Corporation rights should not equal rights of citizens
Jan. 21 was a very sad day in American history. On that day, the Supreme Court, in a split 5-to-4 ruling, said that corporate entities have the same Constitutional free-speech rights as living, breathing citizens to participate in our electoral process.
Previously, dating back to 1907, Congress had forbade corporations, railroads and national banks from putting money into federal elections. After World War II, Congress extended the ban to include labor unions. More recently, the McCain-Feingold Act in 2002 added an extra limit on corporate and union-funded broadcast ads in the month before an election.

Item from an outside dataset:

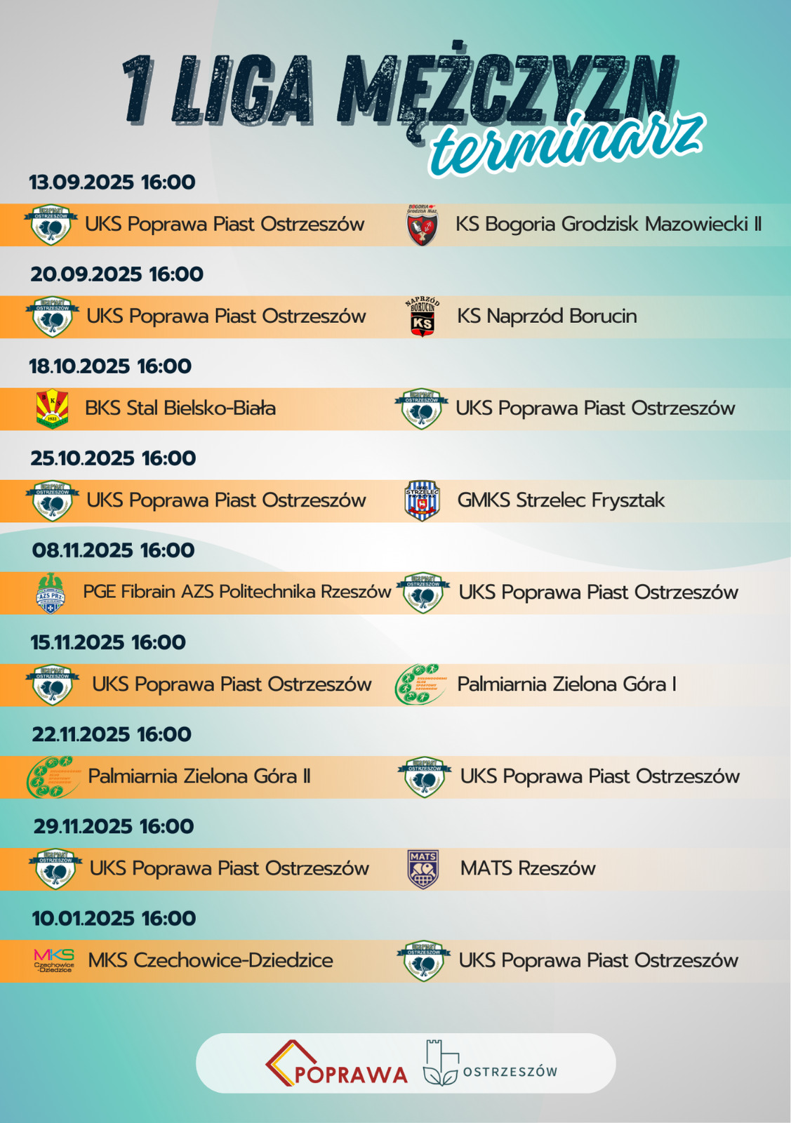 Terminarz 1. ligi tenisa stołowego z udziałem UKS Piast Poprawa

Such ads were prohibited if they even mentioned a candidate running for office.
Thursday’s Supreme Court decision swept away all of those restrictions. Corporations are not endowed by their creators with inalienable rights ... but five out of nine Supreme Court justices have now said otherwise.
“The government may not suppress political speech on the basis of the speaker’s corporate identity,” said Justice Anthony M. Kennedy, who wrote the majority opinion, in complete disregard for the reality that corporations have no “identity,” for they are not people.

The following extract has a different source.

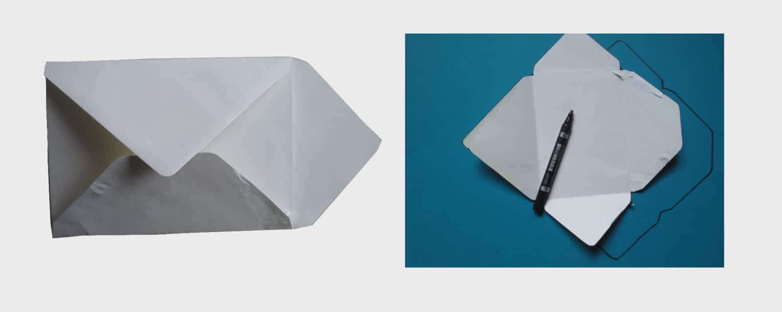 Zuerst nimmst Du vorsichtig einen alten Briefumschlag auseinander um ihn als Schablone auf ein dickes Papier zu übertragen.

They do not breathe. They do not eat. And they do not need health care.
Yet, corporations now can legally and directly influence the elections that will impact all of these things.
They will not die on a battlefield, yet they now can legally advocate for and influence the wars we wage.
They do not need education, yet they now can legally influence how our schools are run.
Most disturbing, multinational corporations controlled by foreign governments now have the same rights as American citizens to spend money to tilt U.S. elections.
Last Thursday was, indeed, a sad day for America.